On Sat, 2011-12-24 at 16:58 +0000, Andy Seaborne wrote:
> 
> On 24/12/11 13:14, Sandro Hawke wrote:
> > On Thu, 2011-12-22 at 16:44 +0000, Andy Seaborne wrote:
> >> Re-directed to the working group list.
> >>
> >> On 22/12/11 16:01, Sandro Hawke wrote:
> >>>>> One convention we have adopted is to use the null relative URL (<>   in
> >>>>> Turtle, or "" in RDF/XML). I'd like to know whether there is a standard
> >>>>> way of doing this. Maybe the spec should indicate one.
> >>>>>
> >>>>
> >>>>
> >>>> This would require a base URI resolution mechanism that would (in the end) simply resolve this to the request-URI (per base URI resolution rules). The WG has decided to not support a base URI resolution mechanism for this specification. So, without a discovery mechanism the only way to perform this "append" behavior is to know the URI of the Graph Store before hand and to POST to it directly.
> >>>
> >>> So the suggested workaround is to POST to the graphstore to get a new
> >>> URL allocated, then PUT your graph to that new address.   And your
> >>> understanding is that the technique Arnaud is suggesting -- defining the
> >>> base URI as the URI that is allocated to hold the content -- could be
> >>> standardized in the future?
> >>
> >> Sandro,
> >>
> >> By your reading, does RFC 3986 "5.1.  Establishing a Base URI" and RFC
> >> 2616 defining a request URI apply here?
> >>
> >> If so, doesn't that say what the base URI is?
> >> If not, why don't these RFCs apply?
> >
> > Sorry, I know you asked this earlier, and in the crush of events I lost
> > track of it.
> >
> > As I read RFC 3986 section 5.1, it doesn't constrain the base URI for
> > the content of a POST.  So it falls back to the outer-ring, in that
> > diagram, of being application dependent.  That seems right to me -- in
> > this case, the application is whichever POST semantics the given
> > resource implements.  For POSTing to the graphstore itself (but not the
> > elements inside it), I believe we can specify the protocol for POST, and
> > saying how it handles relative URIs in RDF syntaxes seems to me like a
> > reasonable part of that.
> 
> [[
>   (5.1.2) Base URI of the encapsulating entity
>           (message, representation, or none)
> ]]
> the encapsulating entity is the HTTP request.

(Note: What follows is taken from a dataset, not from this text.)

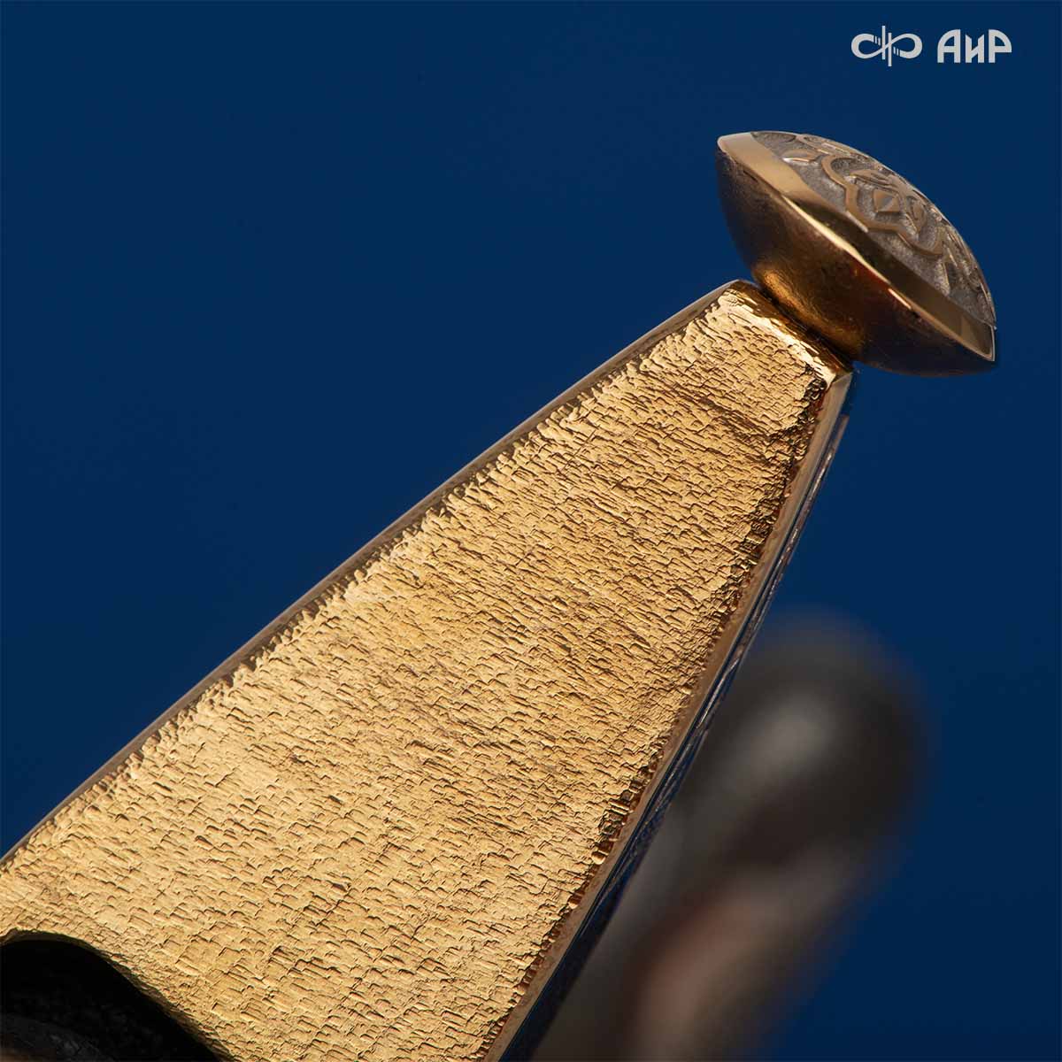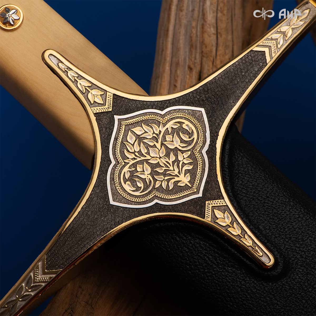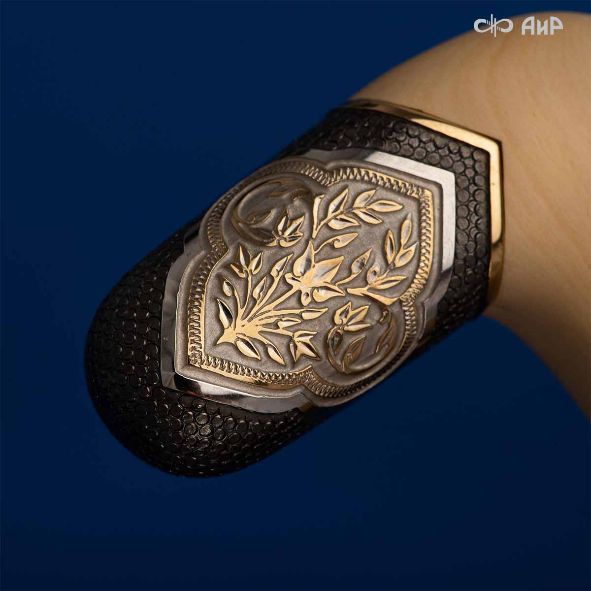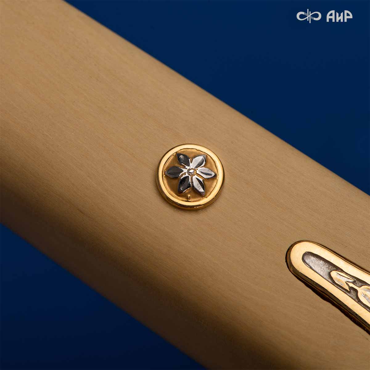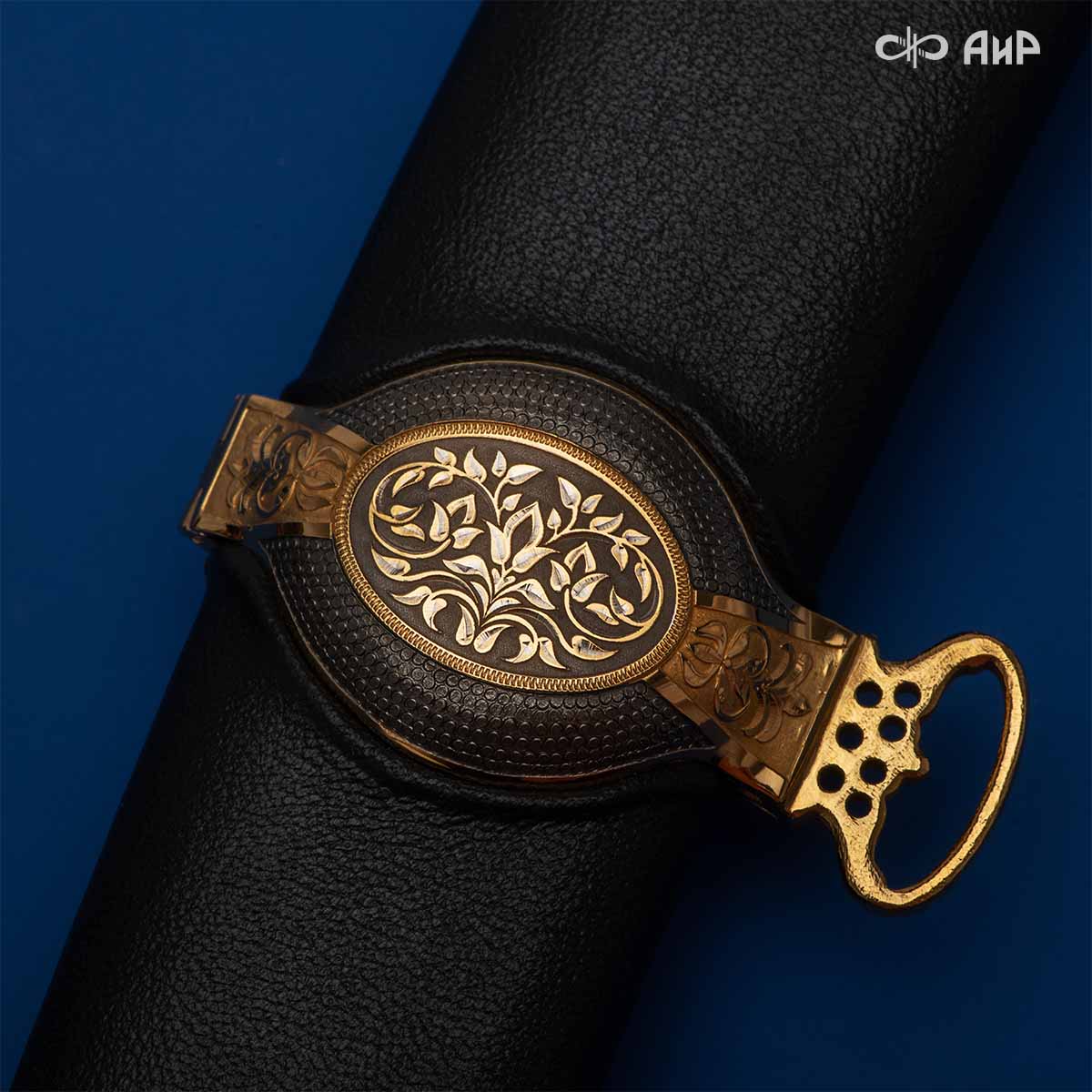 Сабля "Восточная", изготовленная мастерами Компании «АиР», представляет собой сувенирное длинноклинковое оружие, украшенное в стиле златоустовской гравюры на металле.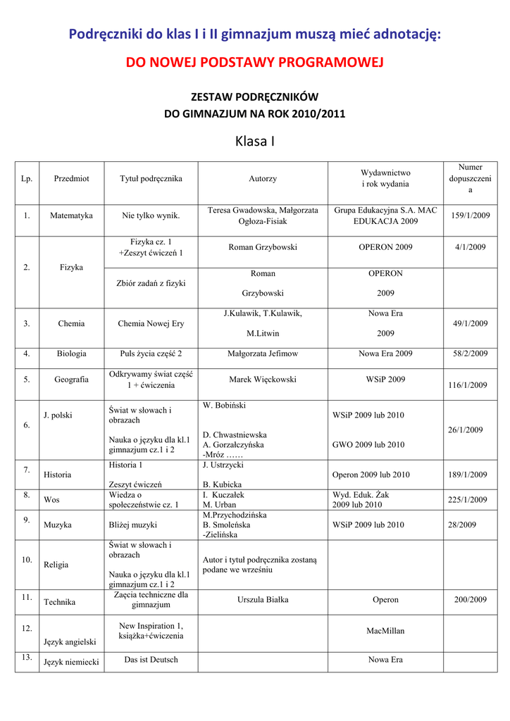 Podręczniki do klas I i II gimnazjum muszą mieć adnotację: DO NOWEJ PODSTAWY PROGRAMOWEJ ZESTAW PODRĘCZNIKÓW DO GIMNAZJUM NA ROK 2010/2011 Klasa I Lp. Przedmiot Tytuł podręcznika Autorzy Wydawnictwo i rok wydania Numer dopuszczeni a 1. Matematyka Nie tylko wynik. Teresa Gwadowska, Małgorzata Ogłoza-Fisiak Grupa Edukacyjna S.A. MAC EDUKACJA 2009 159/1/2009 Fizyka cz. 1 +Zeszyt ćwiczeń 1 Roman Grzybowski OPERON 2009 4/1/2009 Roman OPERON Grzybowski 2009 J.Kulawik, T.Kulawik, Nowa Era M.Litwin 2009 2. Fizyka Zbiór zadań z fizyki 3. Chemia Chemia Nowej Ery 49/1/2009 4. Biologia Puls życia część 2 Małgorzata Jefimow Nowa Era 2009 5. Geografia Odkrywamy świat część 1 + ćwiczenia Marek Więckowski WSiP 2009 J. polski 6. Świat w słowach i obrazach Nauka o języku dla kl.1 gimnazjum cz.1 i 2 7. 8. 9. 10. 11. Historia 1 Wos Muzyka Świat w słowach i obrazach Religia Technika 12. Język angielski 13. Bliżej muzyki Język niemiecki Nauka o języku dla kl.1 gimnazjum cz.1 i 2 Zaęcia techniczne dla gimnazjum 116/1/2009 W. Bobiński WSiP 2009 lub 2010 D. Chwastniewska A. Gorzałczyńska -Mróz …… J. Ustrzycki Historia Zeszyt ćwiczeń Wiedza o społeczeństwie cz. 1 58/2/2009 B. Kubicka I. Kuczałek M. Urban M.Przychodzińska B. Smoleńska -Zielińska 26/1/2009 GWO 2009 lub 2010 Operon 2009 lub 2010 189/1/2009 Wyd. Eduk. Żak 2009 lub 2010 225/1/2009 WSiP 2009 lub 2010 28/2009 Autor i tytuł podręcznika zostaną podane we wrześniu Urszula Białka Operon New Inspiration 1, książka+ćwiczenia MacMillan Das ist Deutsch Nowa Era 200/2009 Klasa II Lp. Przedmiot Tytuł podręcznika Autorzy Wydawnictwo i rok wydania 1. Matematyka Nie tylko wynik. Teresa Gwadowska, Małgorzata Ogłoza-Fisiak Grupa Edukacyjna S.A. MAC EDUKACJA 2010 Fizyka cz. 2 +Zeszyt ćwiczeń 2 Roman Grzybowski OPERON 2010 Roman OPERON Grzybowski 2009 J.Kulawik, T.Kulawik, Nowa Era M.Litwin 2010 2. Fizyka Numer dopuszczeni a Zbiór zadań z fizyki 3. Chemia Chemia Nowej Ery 42/2/2009 4. Biologia Puls życia część 1 Małgorzata Jefimow, Marian Sęktas Nowa Era 2009 5. Geografia Odkrywamy świat część 2 + ćwiczenia Marek Więckowski WSiP 2010 J. polski 6. 7. 8. 9. 10. Świat w słowach i obrazach kl. II W. Bobiński Nauka o języku kl. II – zeszyt ćwiczeń Historia 2 + zeszyt ćwiczeń Wiedza o społeczeństwie cz.2 Świat w słowach i obrazach kl. II D. Chwastniewska D. Rożek WSiP 2010 26/2/2009 Historia Wiedza o społeczeństwie Religia Technika Nauka o języku kl. II – zeszyt ćwiczeń Zaęcia techniczne dla gimnazjum kontunuacja GWO 2010 Operon 2010 E. Dobrzycka K. Makara Operon 2010 English in Mind 3, książka+ćwiczenia 11. Język angielski Urszula Białka Operon Język niemiecki Cambridge II New Inspiration 2, książka+ćwiczenia Das ist Deutsch 2 96/2/2010 Autor i tytuł podręcznika zostaną podane we wrześniu II B 12. 58/1/2009 MacMillan Nowa Era 200/2009 Klasa III Lp. Przedmiot Tytuł podręcznika Wydawnictwo i rok wydania Autorzy Numer dopuszczeni a Anna Drążek, WSiP Warszawa 1. Matematyka Matematyka wokół nas Ewa Durnjak, 62/2/2009 2009 Ewa Kokiernak- Jurkiewicz M.Rozenbajger, Fizyka dla gimnazjum część 3 2. ZAMKOR 249/000 R.Rozenbajger Fizyka Roman OPERON Grzybowski 2009 Zbiór zadań z fizyki J.Kulawik, T.Kulawik, Nowa Era 3. Chemia Chemia Nowej Ery 4. Biologia Biologia część 2 5. Geografia Odkrywamy świat część 3 + ćwiczenia M.Litwin 23/08 Waldemar Lewiński, Jan Prokop 6. 7. 8. 9. Świat w słowach i obrazach kl. III Marek Więckowski W. Bobiński OPERON 382/02 WSiP 23/03 WSiP od 2009 J. polski Historia Muzyka 4/09 Nauka o języku kl. II – zeszyt ćwiczeń Historia 3 . Przez wieki + zeszyt ćwiczeń Świat muzyki kl. III Język niemiecki GWO od 2009 J. Wendt Wydawnictwo Rożak 160/04 W. Panek WSiP 50/02 Autor i tytuł podręcznika zostaną podane we wrześniu Religia Język angielski D.Chwastniewska D. Rożek New Inspiration 3, książka+ćwiczenia Das ist Deutsch kontynuacja MacMillan Nowa Era

I don't think 5.1.2 applies here.  As far as I can tell, that text is
talking about a syntactic nesting, as in message headers.

> Even then:
> [[
>   (5.1.3) URI used to retrieve the entity
> ]]
> and "retrieve" can be read as a bias to GET. GET and PUT are a pair.

I think it's more than a bias.  Note the "if":

        if a URI was used to retrieve the representation, that URI shall
        be considered the base URI.

The spec is silent on the non-retrieval case.

I'd agree that for PUT, the same base-determination algorithm would
logically apply, but I don't see anything in the spec saying that.  
Nor that it applies to POST.

> There is nothing operation specific mentioned except a bias to 
> "retrieve" so if it applies to PUT, it applies to POST.

Actually, I could see it applying to the content that comes *back* from
a POST (so this isn't about HTTP verbs, exactly), but I don't see why it
would apply to the content sent.

The spec here matters most if it happens to have influenced code.  Do
you think there is a significant code base which assumes the base for
POST'd content is the URL the POST is sent to?   If so, do you think
that code base is relevant to the RDF case?   (I'd rather not have RDF
do something different from what XML or HTML folks do, but doing
something different might work as a compromise, if necessary.)    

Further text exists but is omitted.